● **Exercise brief**: With pictures left out, output exactly the lines from the line holding "PedicaLIMO specializes in" through the end of the data, both included.

● **Extracted information**:
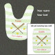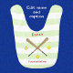 This cute baby bib with a sporting theme has a design featuring crossed softball bats with three yellow softballs, and is ready for you to personalize with your baby's name in red. The accompanying caption is simply "Future softball star" or you can customize this too - perhaps add the name of your favorite team. The background has broad green and white stripes.
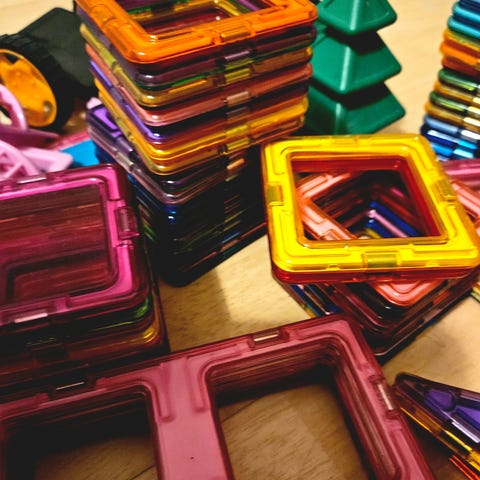 Sæt med 45 kvadratiske dele, 28 trekantede, 3 kvadrater med sæde/barn, 2 sekskanter og to hjul. Dertil en fod til pariserhjul, men her mangler nogle dele. 2 byggemanualer.
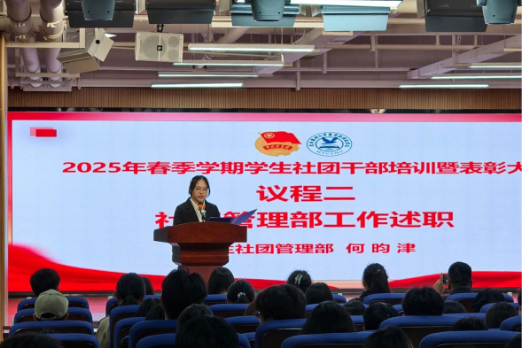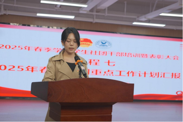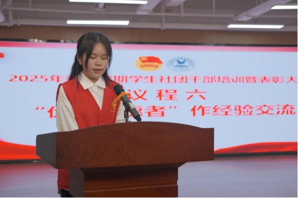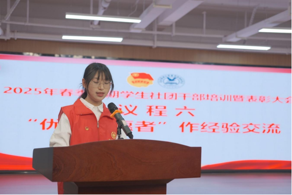 会上,学生社团管理部作学生社团管理工作、2025年春季学期重点工作计划汇报。优秀学生社团社长代表、优秀社团干部代表、学生社团之星代表、优秀志愿者代表分别做经验分享交流。
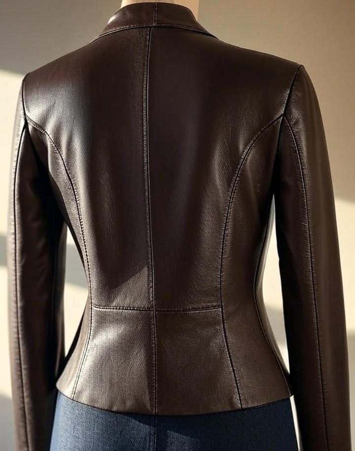 - Top-Grain Leather: The top layer is sanded down to remove marks. It is thinner and more flexible than full-grain. It is common in fashion jackets.
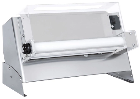 Elektrický stroj na tvarovanie pizze (valcovací stroj) Vyrobené z nehrdzavejúcej ocele. Elektrický nožný pedál. Ideálny spotrebič na vyvaľovanie studeného cesta na pizzu, knedle a cestoviny. Spotrebič má automatický spínač "touch and go", vďaka ktorému sa valček automaticky zapne po vložení cesta. Prevádzkový čas je možné nastaviť v rozmedzí 10-35 sekúnd. Valčeky s nastaviteľnou hrúbkou cesta 0-5 mm. Každý valec má samostatný ochranný kryt na zvýšenie bezpečnosti pri práci. Možno formovať pizze s priemerom od 26 do 45 cm. Chránené valce pre bezpečnú prevádzku. Príkon cesta: 0,21 až 0,7 kg.
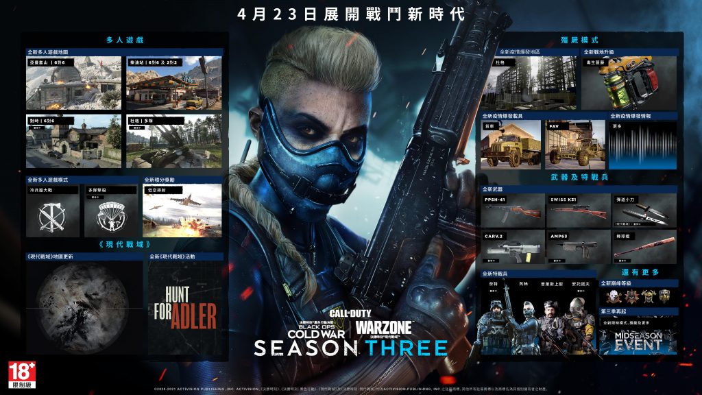 從第三季推出開始,玩家將可以參加限時活動「尋找阿德勒」,並在《黑色行動冷戰》和《現代戰域》中進行特殊的遊戲內挑戰,追查阿德勒的下落。只要完成這些情報挑戰,即可解鎖活動獎勵,包括武器飾物、名片背景和一個全新的特戰兵造型等。
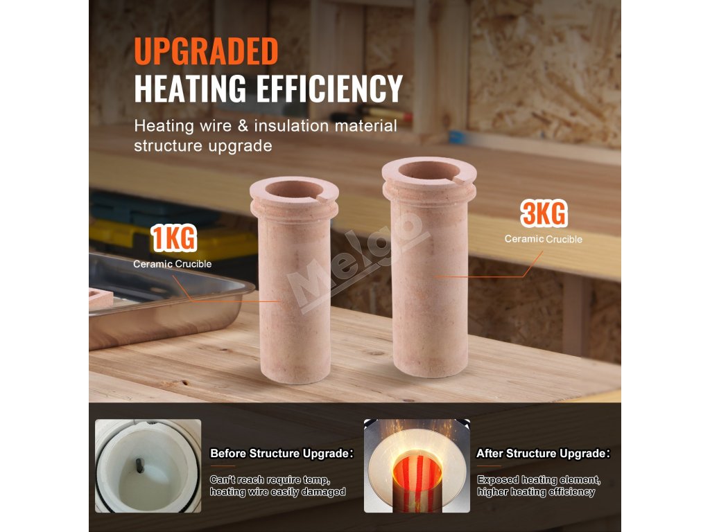 Naša vysoko výkonná elektrická pec s výkonom 1350 W dokáže dosiahnuť teplotu až 2100 °C, pričom prechod z izbovej teploty na maximálnu trvá len 25 minút. Vďaka optimalizovaným vykurovacím telesám a izolácii taví kovy s bodom tavenia nižším ako 2100°F len za 40-55 minút.
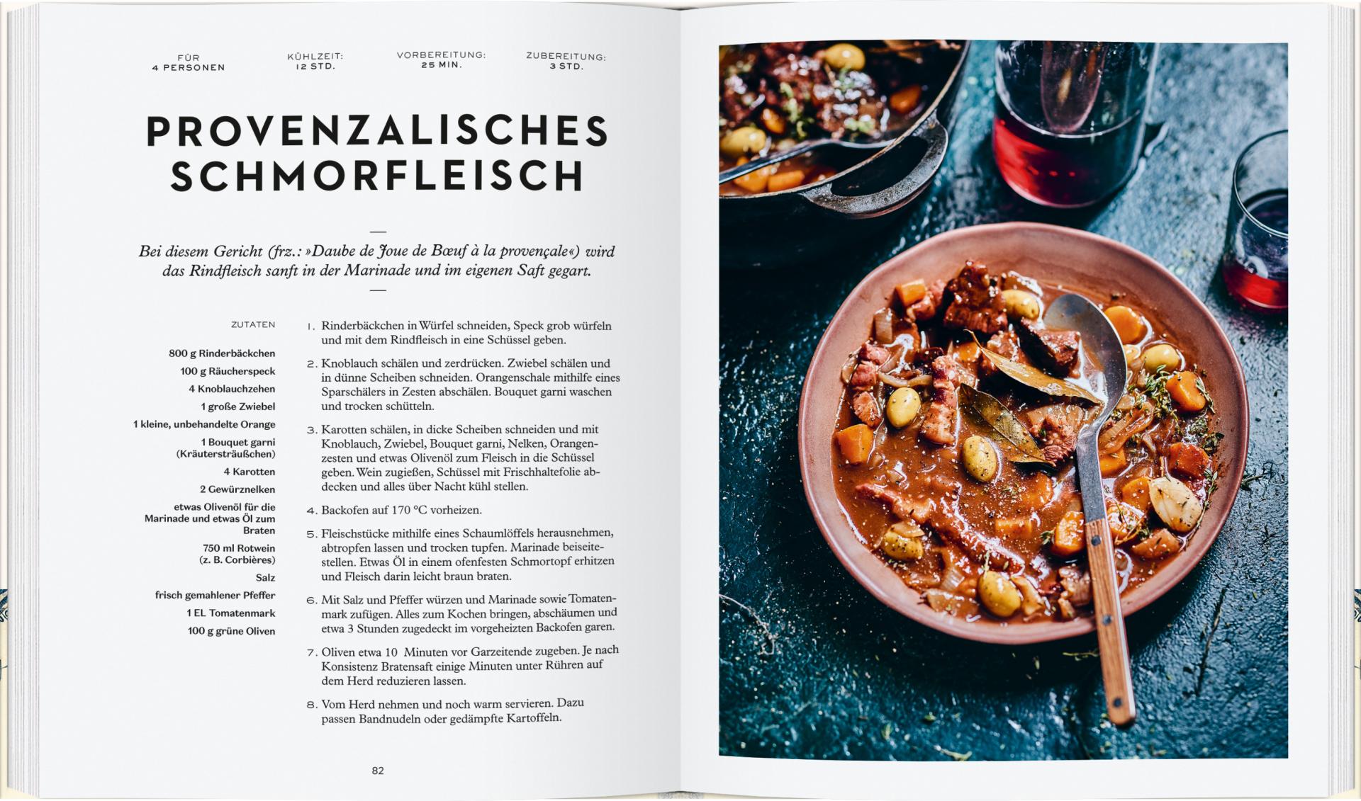 Gutes Essen gehört zur französischen Lebensart, in Frankreich werden aus besten Produkten köstliche Gerichte gezaubert. In diesem Buch sind alle Klassiker versammelt, die das Herz des Gourmets begehrt: von Boeuf Bourguignon über Entrecôte mit Sauce Béarnaise, Muscheln in Weißwein, Käsesoufflé und Ratatouille bis hin zu Crêpes Suzette, Mousse au Chocolat und Zitronentarte.
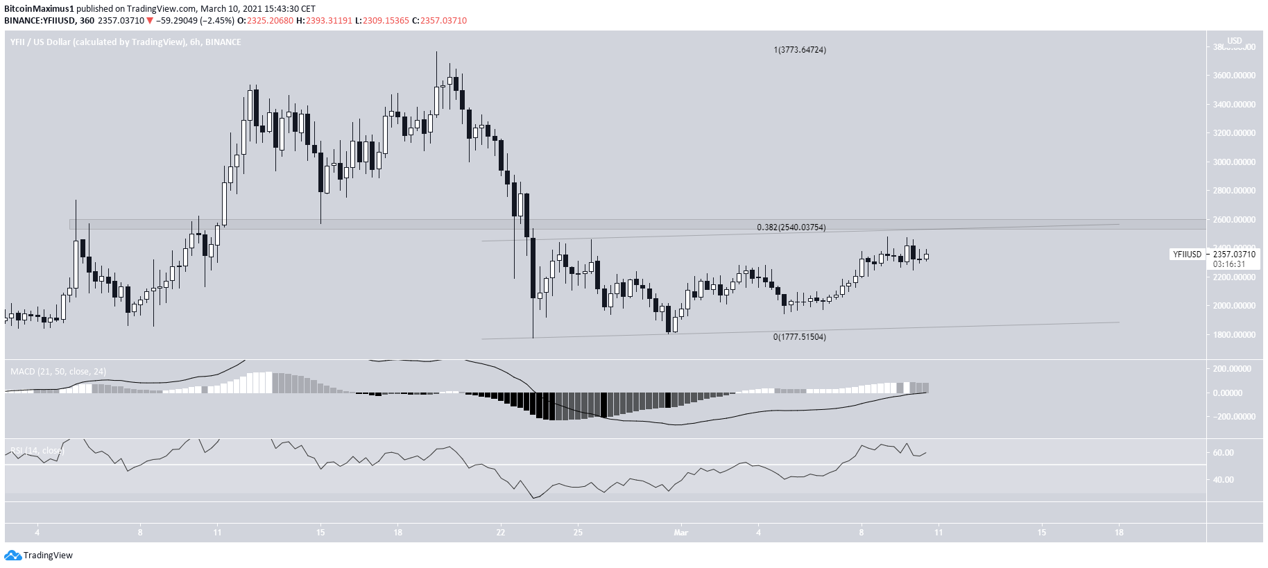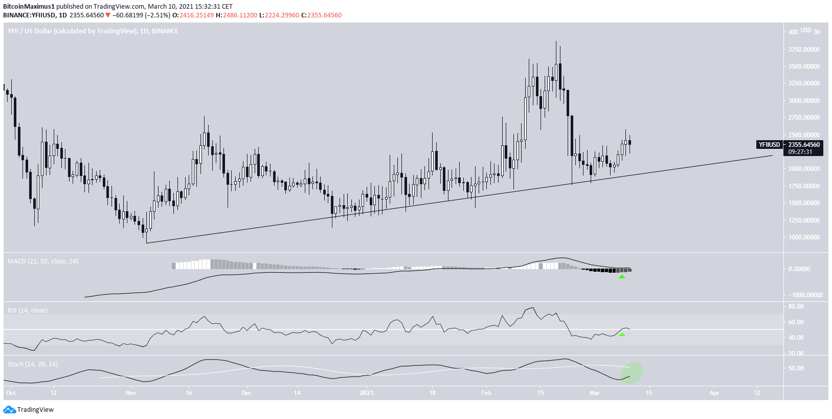YFII has been following an ascending support line since Nov. 2020. Most recently, the line served to stop the decrease beginning on Feb. 19, 2021, creating a long lower wick in the process.
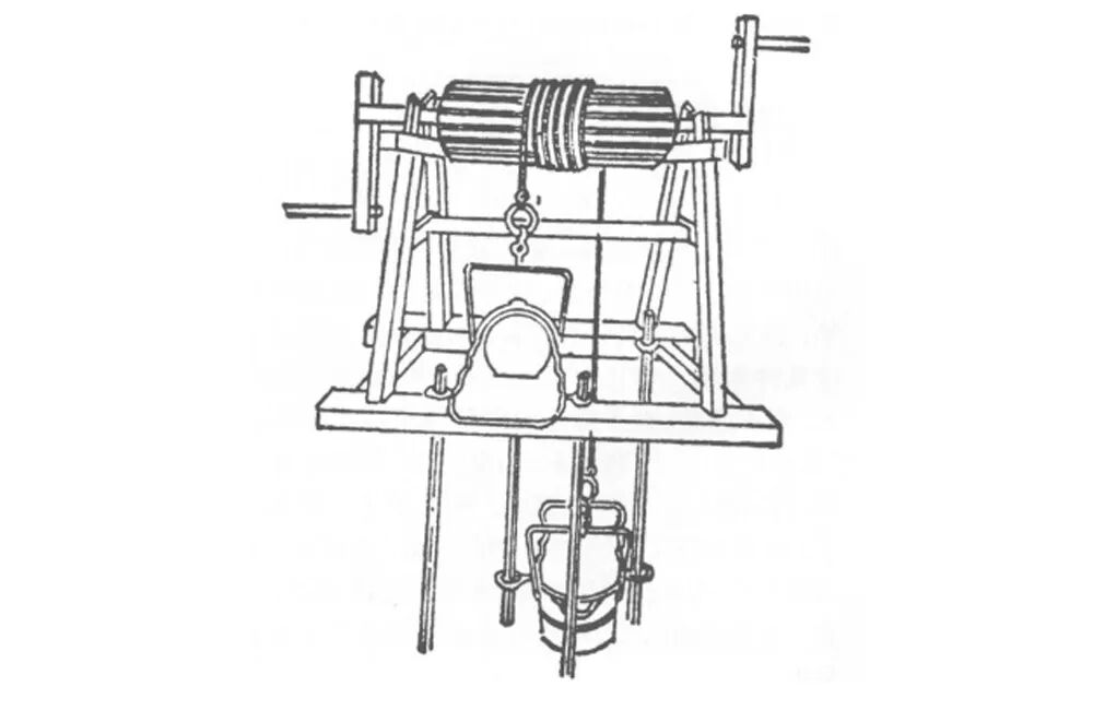 但历史文献中一直没有详细的文字记载辘轳的结构,最早提到“辘轳”结构的文献可能是《仓颉篇》(秦、汉),写为“椟栌”(dú lú),注解是“三辅举水具也”,但没有具体结构的介绍。直到元朝王祯在他的《王祯农书》中才有比较详细的描述。《王祯农书》说:“辘轳,缠绠(gěng)械也。《唐韵》作‘椟轳’,汲水木也。井上立架,置轴,贯以长毂,其顶嵌以曲木,人乃用手掉轳,缠绠于毂,引取汲器……”并且绘了一幅图。(下图)
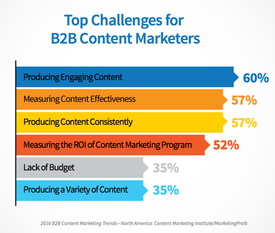 This can pose a challenge to ensure quality content on thousands of your website pages. Whether it’s creating new engaging content or updating your already-indexed pages, it’s quite difficult. That’s why 60% of B2B marketers struggle with it, according to the Content Marketing Institute.
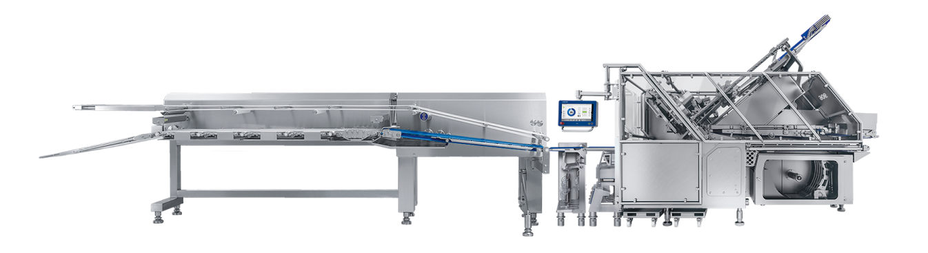 The Weber knifed-edged speed loader is a fully automatic belt loading system. This loading system is fully syndchronised with the packaging machine, automatically transfering the portions into the pockets of the machine.
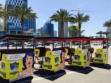 PedicaLIMO specializes in promoting and advertising the sponsors of San Diego Convention Center exhibitors offering a new unconventional approach to outdoor advertising. Unlike static signs or billboards pedicabs are interactively mobile, always on the move creating novelty and drawing attention.
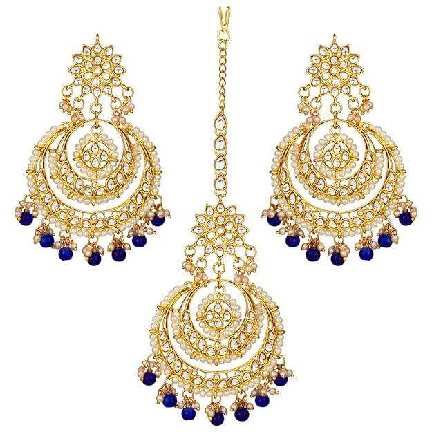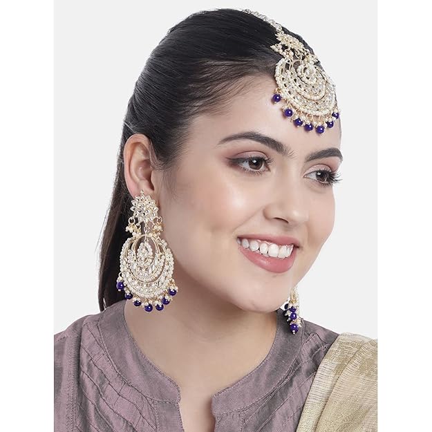 Pearl Necklace and Earring Set in Gold Plated Kundan Chandbali Design with Maang Tikka

● **Solution to this problem**:
 PedicaLIMO specializes in promoting and advertising the sponsors of San Diego Convention Center exhibitors offering a new unconventional approach to outdoor advertising. Unlike static signs or billboards pedicabs are interactively mobile, always on the move creating novelty and drawing attention.
 Pearl Necklace and Earring Set in Gold Plated Kundan Chandbali Design with Maang Tikka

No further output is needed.